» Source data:
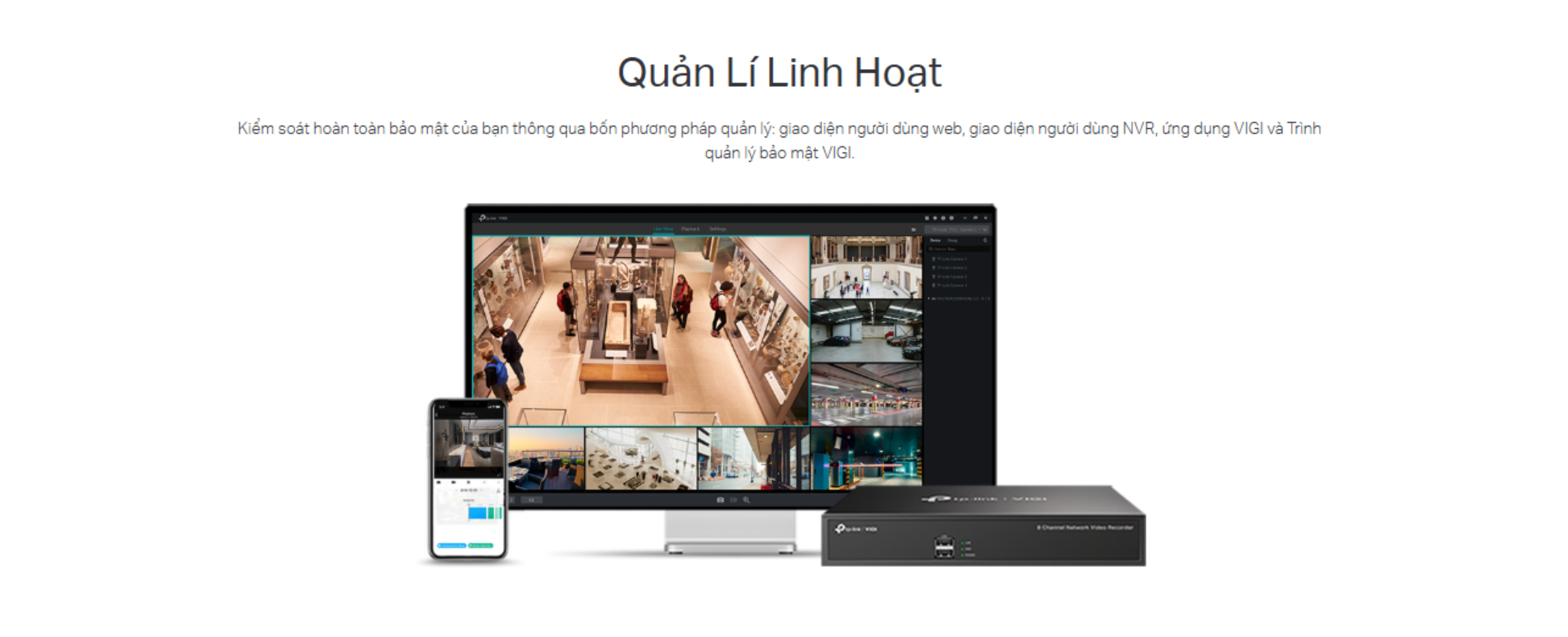 - Quản Lý Linh Hoạt: Kiểm soát hoàn toàn bảo mật của bạn thông qua bốn phương pháp quản lý: giao diện người dùng web, giao diện người dùng NVR, ứng dụng VIGI và Trình quản lý bảo mật VIGI
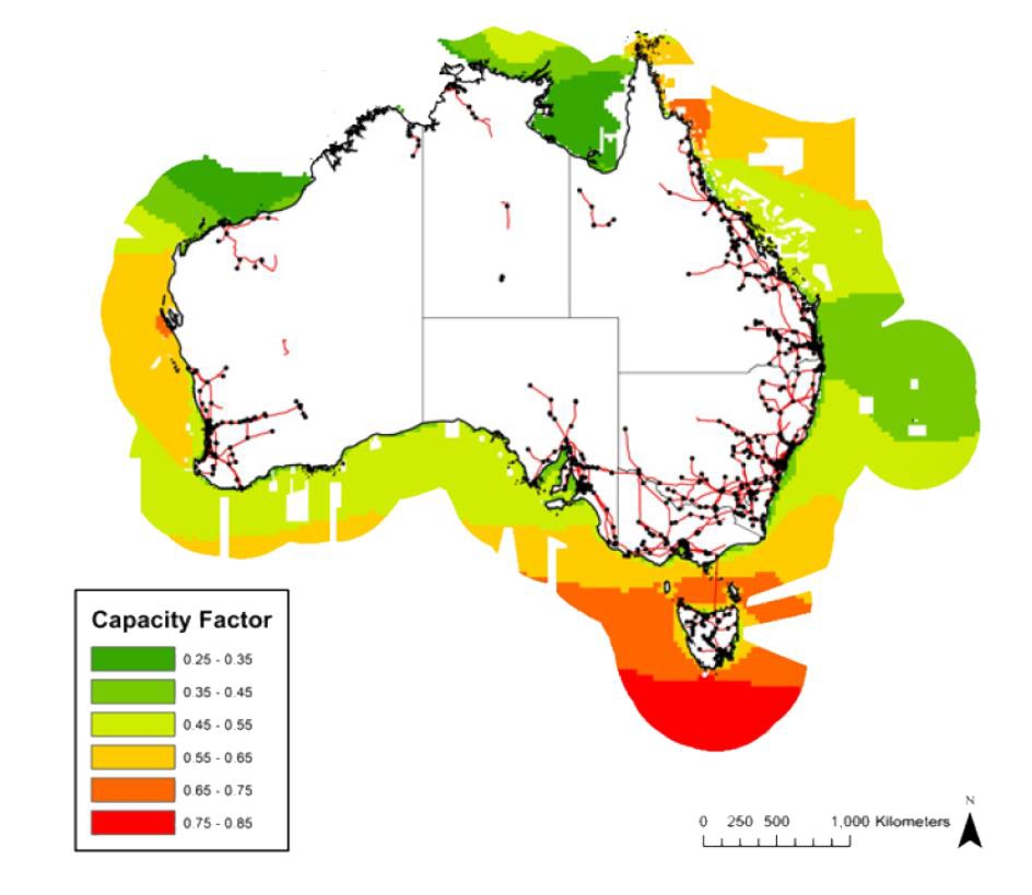 Several potentially favorable sites for offshore wind exist, encompassing Western and southwest regions of Western Australia, marked by quality winds in coastal shallows; a limited northern Queensland zone with notably high capacity factors; and locations off the coastlines of New South Wales and Queensland. Numerous excellent spots align with significant industrial hubs like Port Kembla, Newcastle, Gladstone, and the southern part of Perth.
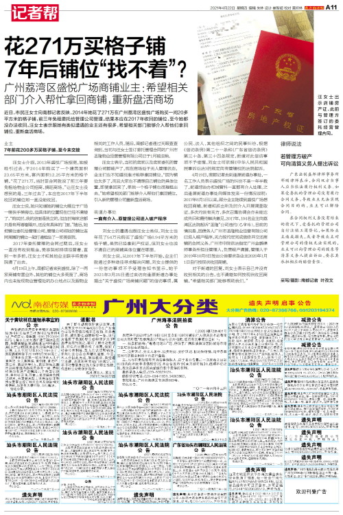近日,市民汪女士向南都记者反映,2014年她花了271万在广州荔湾区盛悦广场购买一间20多平方米的格子铺,前三年免租委托给管理公司管理。结果本应在2017年收回的铺位,至今她都没办法收回。汪女
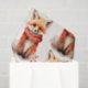 Tissue paper with an illustration of a reddish orange fox pup. A subtle smile on his face. Wearing a nice red scarf for warmth.
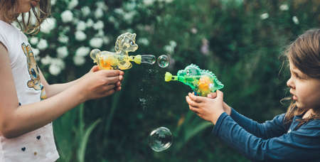 Pony, dinosaur soap bubble gun shooter, blower. Battle, party for kids. Girls,chidren playing funny family game with sister,girl. Outdoor activities in summer in green park. Big flying bubbles.
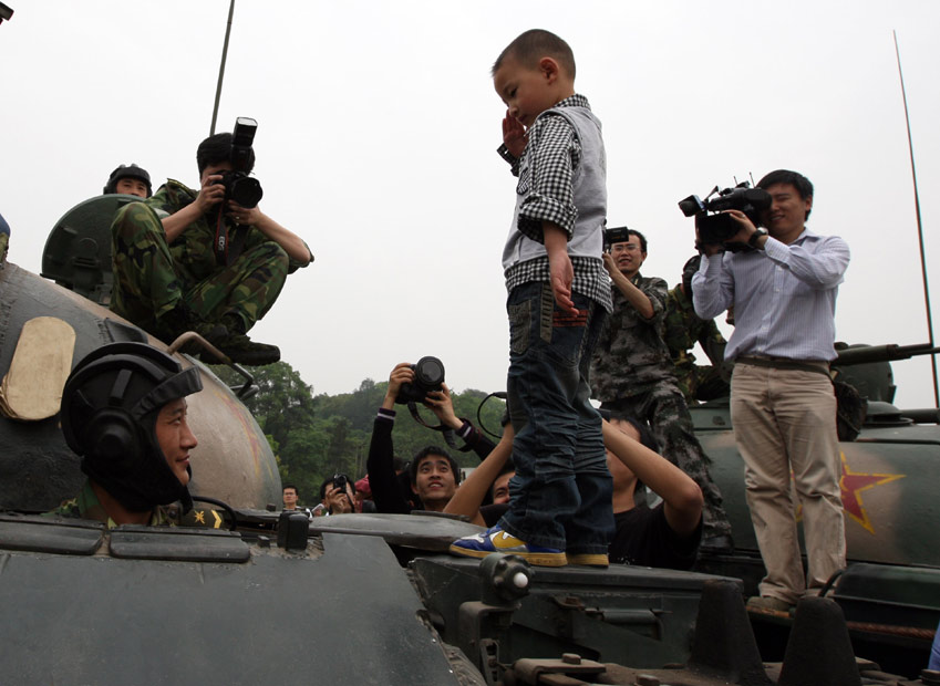 4月25日,汶川大地震幸存者“敬禮娃娃”郎崢一家來(lái)到成都軍區(qū)駐渝某部營(yíng)區(qū),感謝該部戰(zhàn)士在廢墟中救出郎崢的性命。2008年5月13日晨,3歲的郎崢被解放軍官兵從廢墟里救出后,躺在一塊小木板做的臨時(shí)擔(dān)架上,用他稚嫩的右手向8位抬著他的解放軍叔叔敬了個(gè)少先隊(duì)禮,他的舉動(dòng)引起社會(huì)各界高度關(guān)注,被媒體稱為“敬禮娃娃”。圖為郎崢在營(yíng)區(qū)內(nèi)見(jiàn)到夢(mèng)寐以求的坦克,爬到坦克車上用一個(gè)軍禮向解放軍叔叔表示感謝。中新社發(fā) 郭晉嘉 攝

» WHAT TO PRODUCE: The answer must be the lines above from the line that contains "近日,市民汪女士向南都记者反" to the final line of the data, word for word, with no pictures.

» WRITTEN RESPONSE:
近日,市民汪女士向南都记者反映,2014年她花了271万在广州荔湾区盛悦广场购买一间20多平方米的格子铺,前三年免租委托给管理公司管理。结果本应在2017年收回的铺位,至今她都没办法收回。汪女
 Tissue paper with an illustration of a reddish orange fox pup. A subtle smile on his face. Wearing a nice red scarf for warmth.
 Pony, dinosaur soap bubble gun shooter, blower. Battle, party for kids. Girls,chidren playing funny family game with sister,girl. Outdoor activities in summer in green park. Big flying bubbles.
 4月25日,汶川大地震幸存者“敬禮娃娃”郎崢一家來(lái)到成都軍區(qū)駐渝某部營(yíng)區(qū),感謝該部戰(zhàn)士在廢墟中救出郎崢的性命。2008年5月13日晨,3歲的郎崢被解放軍官兵從廢墟里救出后,躺在一塊小木板做的臨時(shí)擔(dān)架上,用他稚嫩的右手向8位抬著他的解放軍叔叔敬了個(gè)少先隊(duì)禮,他的舉動(dòng)引起社會(huì)各界高度關(guān)注,被媒體稱為“敬禮娃娃”。圖為郎崢在營(yíng)區(qū)內(nèi)見(jiàn)到夢(mèng)寐以求的坦克,爬到坦克車上用一個(gè)軍禮向解放軍叔叔表示感謝。中新社發(fā) 郭晉嘉 攝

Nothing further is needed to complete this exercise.